Engage mental health professionals: HRMAB president

ONE Human Resource practitioner is strongly encouraging employers to engage with mental health professionals in order to look after the mental health of their employees.

Brittany Brathwaite, President of the Human Resources Management Association of Barbados (HRMAB), highlighted this as she spoke during the 2020 Domestic Financial Institutions Conference Virtual Series, titled “The Psychosocial Impact of COVID-19”, which was hosted by the Central Bank of Barbados and HRMAB.

She revealed that throughout the world and interviews done by persons who would have spoken anonymously to the press, there was a common concern that persons had an overwhelming fear when it came to returning to work.

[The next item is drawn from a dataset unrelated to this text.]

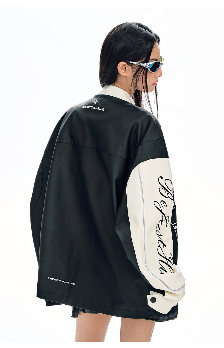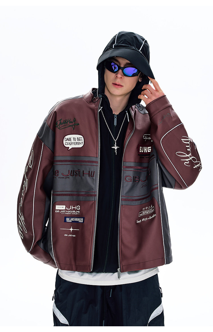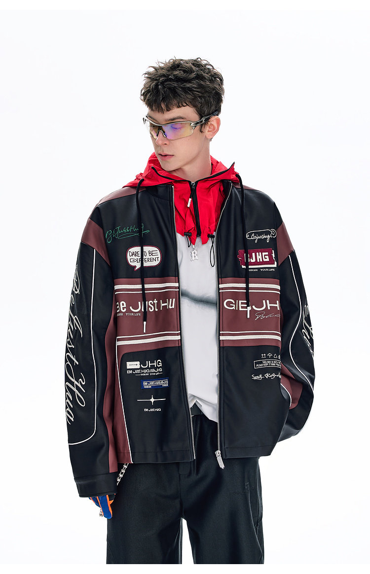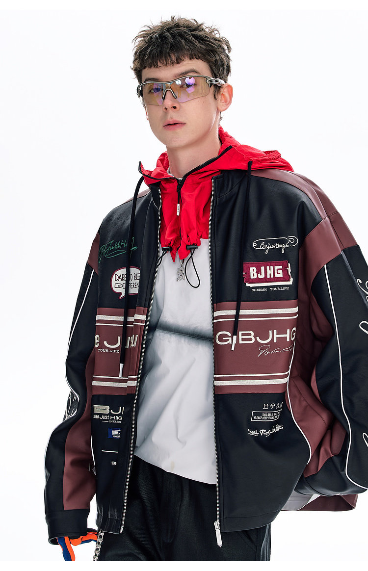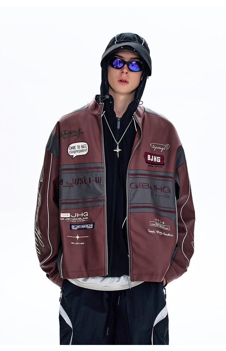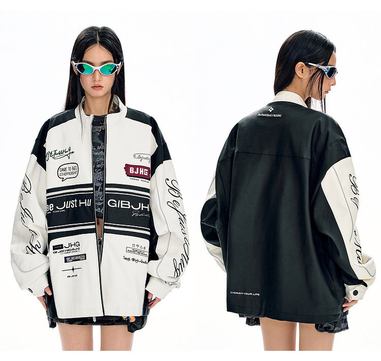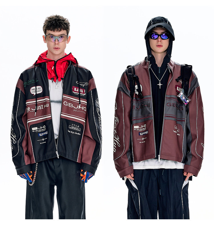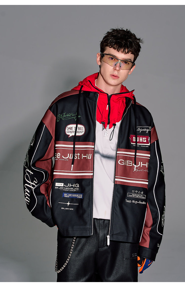 Bjhg Reckless Style Song Yuqi Same Style American Motorcycle Leather Jacket Men's Spring Red Racing Jacket Women's

“I think the approach to managing this fear that we have seen, particularly through the surveys that we have done at our HRMAB membership, etc., is that a lot of business owners and practitioners are reiterating and practising the national protocols, but the one thing that I think is missing and we have to use more often are mental health professionals,” she said.

“I by no stretch of the imagination am a trained psychologist; I don’t know how to manage mental health issues, I don’t. That’s not my sphere of expertise and I think that we need to acknowledge very much when we are dealing with this concept of fear, and the reintegration into work that many of us who are trying to manage this fear. We are not equipped with what we need in order to manage this fear.

“So even if we have shared the protocols and told them that they are safe and fine, a lot of people are dealing with more trauma than we can imagine.”

She noted that while it may be easy to categorise the trauma persons are experiencing as fear, she had reason to believe that it was more than that.

Brathwaite expressed that it was certainly beyond the scope of employers, in many cases, to tackle with and truly understand what persons were dealing with. So it is against this backdrop that she believed it was important for employers and employees to engage with mental health professionals, whether in a group setting or individually, to deal with the issue and not “castigate persons to simply being conspiracy theorists”.